21 May 2026

Schwabacher Recital Series #2: Paths of the Heart


The second Schwabacher Recital of the season, & the only one featuring only one vocalist, took place earlier this month (I am, as usual, perpetually behind on posting) at the First Unitarian Universalist Society, an unusual setting (I have only been there once before, years ago, for a Meredith Monk concert) but an attractive one. Pianist Tzu Kuang Tan accompanied baritone Gabriel Natal-Báez in Paths of the Heart, a thoughtful & poetic program taking as its theme journeys outward & inward.

The first set opened with six songs from Vaughan Williams's Songs of Travel, settings of lyrics by Robert Louis Stevenson; we heard The Vagabond, Let Beauty Awake, The Roadside Fire, Youth and Love, Whither Must I Wander?, & Bright Is the Ring of Words. The titles tip you off to the mood: you have a sense of youthful springtime wanderlust, carefree adventuring in the face of the looming drudgery of adulthood, with the mood darkening towards the end into uncertainty & even, in the bittersweet final song, the suggested loss of life & life.

The second set was four Schubert lieder: Prometheus, Geistes-Gruß (Ghost Greetings), Wandrers Nachtlied II (with texts by Goethe), & Der Atlas (text by Heine): a different sort of wandering, more heroic in scale, featuring demi-gods & legendary knights, but also, in the Wandrers Nachtlied, what might be an old, or simply very weary, searcher, calmly awaiting the peace of night to fall on his restless life. These journeys were more in psychological & philosophical realms. It was clear from the start, & became even clearer as the tone & mood deepened & the theme shifted, that we were in very good hands with these performers. Natal-Báez has a rich, smooth voice, which might be enough, but he also uses it with thoughtful care & great expressivity. Tan was a strongly lyrical accompanist. Fortunately the audience was attuned enough to hold applause until each set finished, as requested in the program, so they were able to conjure their vistas without interruptions.

The second half of the program brought us to Spain & the Hispanic world, initially through the French lens of Ravel's Don Quichotte à Dulcinée; we were given all three numbers in the cycle (Chanson Romanesque, Chanson épique, & Chanson à boire, with texts by Paul Morand inspired by Cervantes's classic novel). The three songs are very loosely related, to each other & to the source material, but the idealistic / crazy figure of the knight errant encapsulates many of the themes of the program: wandering, both physically & psychologically & spiritually; the estrangement that comes from always moving on, as well as the desire to connect that keeps leading one on; a sense of adventuring among the elusive & fragile beauty of the world.

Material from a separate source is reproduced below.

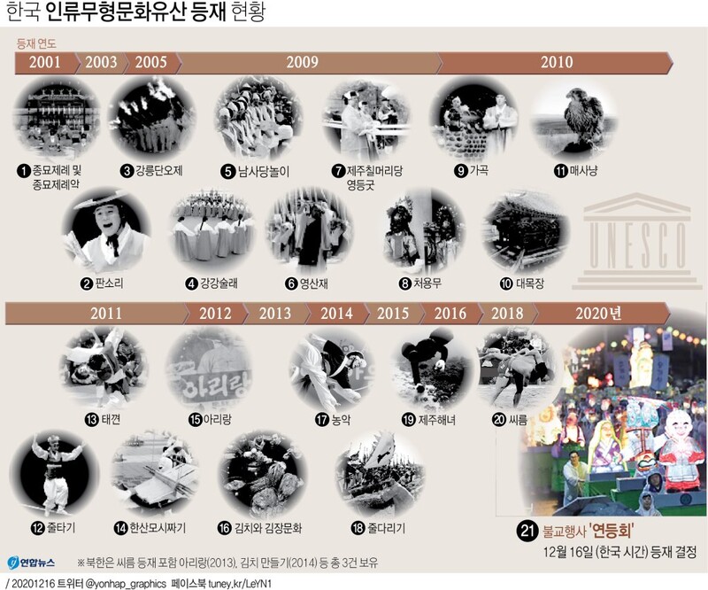 (서울=연합뉴스) 장예진 기자 = 유네스코 무형유산보호협약 정부간 위원회(무형유산위원회)는 16일(한국시간) 온라인으로 개최된 제15차 회의에서 연등회의 인류무형유산 등재를 확정했다.

The final set was in Spanish, & included the sense of traveling back nostalgically to one's own past (Natal-Báez is from Puerto Rico). beginning with two songs by Miguel Ortega to poems by Federico Garcia Lorca – Romance de la Luna, Luna & Preciosa y el aire – followed by individual songs by Luis Antonio Ramírez (Lucero del alba / Morning song, with text by Luis Lloréns Torres), Manuel Ponce (Estrellita / Little Star, with text by the composer), Astor Piazzolla (Los pájaros perdidos / The Lost Birds, with text by Mario Trejo), & Alfonso Esparza Oteo (¡Dime que sí! / Say yes!, with text by Alfonso Espiriu). The two Lorca songs, beautifully fraught encounters of children with death & sex, hide their sophistication under charming, almost folk-tale-type, language. The four final songs seemed more like the journey through life, taking up birds, stars, love lost & gained, familiar inhabitants of Lieder-land & none the worse for that, of course.

This was an outstanding recital: the music was chosen with care & intelligence & well presented(Natal-Báez wrote the thoughtful program notes, as well as the translations of the Spanish lyrics) & Tan & Natal-Báez both operated on a consistently high level of artistry. There was one encore, To Dream the Impossible Dream from Man of la Mancha, which neatly tied up several themes of the program: Don Quixote, of course, & questing through life; Tan & Natal-Báez let it soar like the Broadway anthem it is, sending us out into our own starry nights.